Smile
—So, I said.—Any chance you’ll let us off the homework tonight, Brother? To celebrate the departure of les canards.
—That’s ducks, yeh fuckin’ eejit, Moonshine whispered.
No one laughed. They knew I’d gone too far. They waited for Murphy to charge down to my desk, forehead first.
I smiled at the Brother; I grinned.
He looked at me, then away. He stared at nothing – at the wall beside the broken statue of the Blessed Virgin. She had a hole in her back but the Brothers didn’t know that. She’d fallen from her perch when Willo Gaffney had dragged the teachers’ desk over to her during a free class. He’d climbed up and taken his langer out, to make her give him a blowjob. She fell off, sideways. We caught her, all of us, but Muldowney’s knee had gone through her back.
Murphy stared at the wall, then spoke.
—Take down the homework.
No one pleaded with him. No one spoke. The bell went.
He left.
* * *
We got off for Easter a week later and, the first French class after the holidays, a woman walked into the room.
—Jesus.
—A woman.
—Une femme.
—Say no more, squire.
—Une femme jolie.
—Bleedin’ hell.
It was unbelievable. Literally unbelievable. A woman had walked in from the world outside. The real world. We saw women all the time; our lives were full of women and girls. But this was the first time a woman had come into the school. The cleaners didn’t count. We never saw the cleaners. Moonshine’s mother was a cleaner but he was always home before she went up to the school.
The woman walked in. She put a bag on the desk.
—She’s a teacher!
—Where’s Murphy?
—Dead.
—Is Brother Murphy dead, Miss?
—Non.
She was French or she was pretending to be French.
—Is he sick?
—Non.
—Is he gone?
—Oui.
Jesus.
—Why, Miss?
—Silence, please.
They shut up for a bit and stared at her. I knew what had happened before they did. I’d got rid of Murphy. I was going to claim it. I expelled the fuckin’ zombie. I didn’t know exactly how it had happened, but I knew it had. I’d smiled back at him and he’d panicked; I’d pushed him out of the school. He was never coming back.
It wasn’t the end of the school year; there were seven weeks to go. The Brothers were always moved during the summer holidays. The ones who were too violent or the ones who put their hands on boys’ necks and left them there. The ones who stood at the classroom window and said nothing for forty minutes. They’d be gone, or some of them would, and there’d be a few different old zombies and one or two younger, mad-looking fuckers walking around the walls of the yard when we went back in September. But this was different. It couldn’t wait till the summer.
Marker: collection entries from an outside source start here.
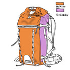 Our smaller ski pack meant to mimic some of the overall design of our flagship "Off Piste Ski Pack" with a smaller overall package and fewer features. This pack still has a massive 18" side access, is an over-stuffable roll top, can carry skis in all the fun ways and has some super versatile daisy chain webbing on the back pack. The avy pocket has 3 organizer sleeves for a probe, shovel handle, and saw.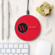Red Initial W (editable) Circle Monogram Wireless Charger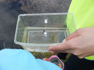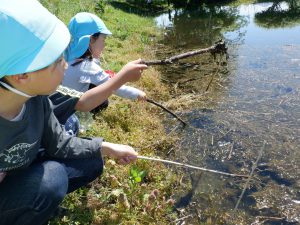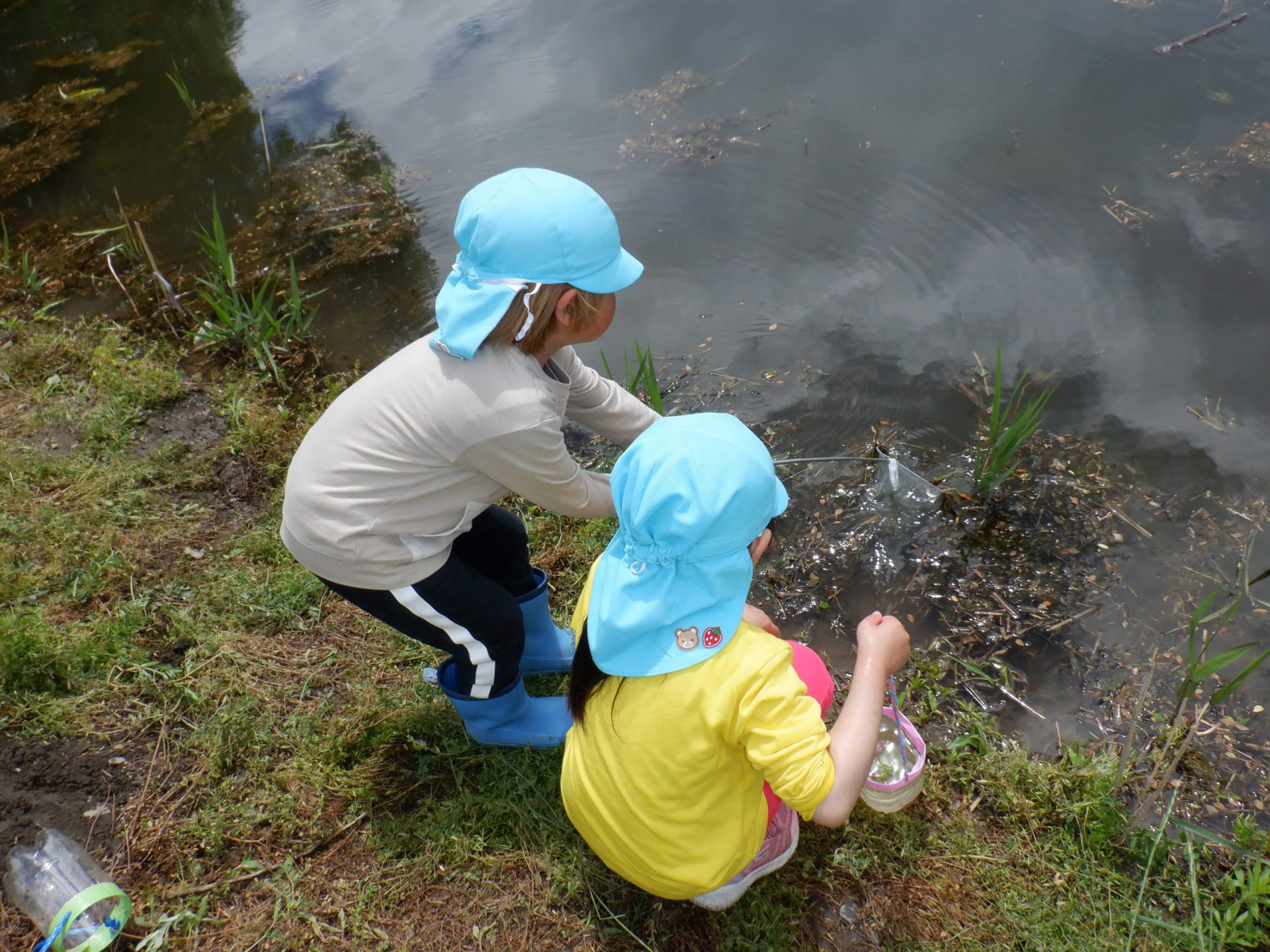 春、園の近くの池に散歩に出かけ、メダカをつかまえました。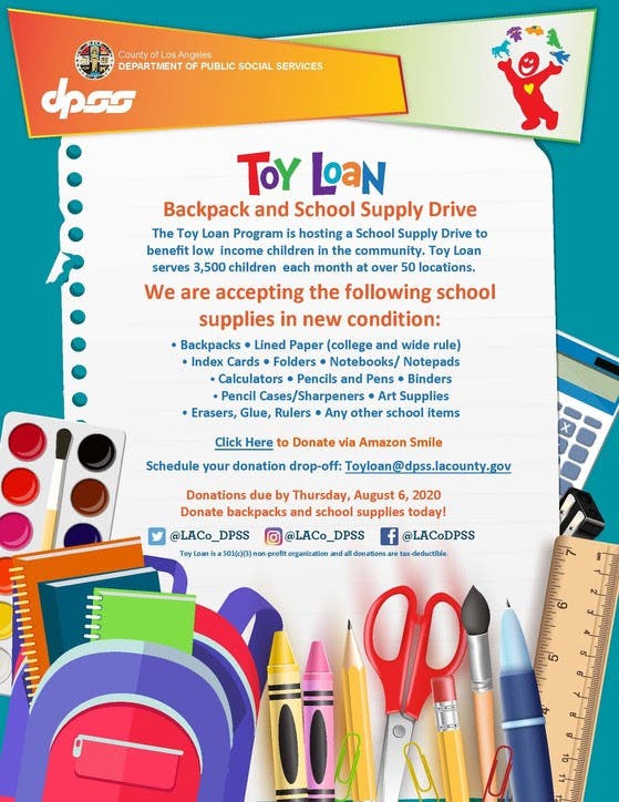 L.A. County Toy Loan Program Hosts Backpack, School Supply Drive

I could see Murphy’s suitcase. I could see him in the back of the Brothers’ minivan, after dark, lying on the floor so he wouldn’t be seen as it skidded out onto the road and they smuggled him to safety.
Something had definitely happened.
They were all staring at the woman. She was at the board and she was holding a bit of chalk. I could tell, she didn’t want to turn her back. But she’d have to, if she was going to write her name on the board. That was what they always did, the new teachers.
She was going to have to do it.
It was first thing in the morning. This must have been the first class she’d walked into. The Head Brother hadn’t come in to introduce her. He always did that with the new teachers and the temporary ones. He’d come in and warn us. He’d once grabbed Doc and battered him at the front of the room, because he’d said that Doc was smirking. He’d been telling us who the new teacher was and he’d grabbed a hold of Doc before he’d finished and pulled him out from his desk. The Head Brother’s hands were huge and he’d hit Doc four times on the head with one of them, and shoved him, kind of thrown him, back onto his desk.
—That’s how we deal with go-boys in this school, a Bhráthair, he’d told the new Brother, and us.—Some of these gentlemen think they’re in Butlin’s.
But he didn’t come in with the new teacher this time. He didn’t want to face us. He didn’t want to answer questions, even though no one would have asked any. He didn’t want to see the faces or the glee. The woman was looking at more than thirty boys – I forget the exact number – looking back at her. She’d probably had it all planned in her head, how she’d write her name, then get us all to introduce ourselves in French. She might have taught in a different school, in France. But this was the first time she’d been stuck in a room like this one. The room was savage, even when it was empty.
She wanted to run. She wanted to get up on the ledge and climb in behind the Blessed Virgin. She’d climb into the hole in the Virgin’s back.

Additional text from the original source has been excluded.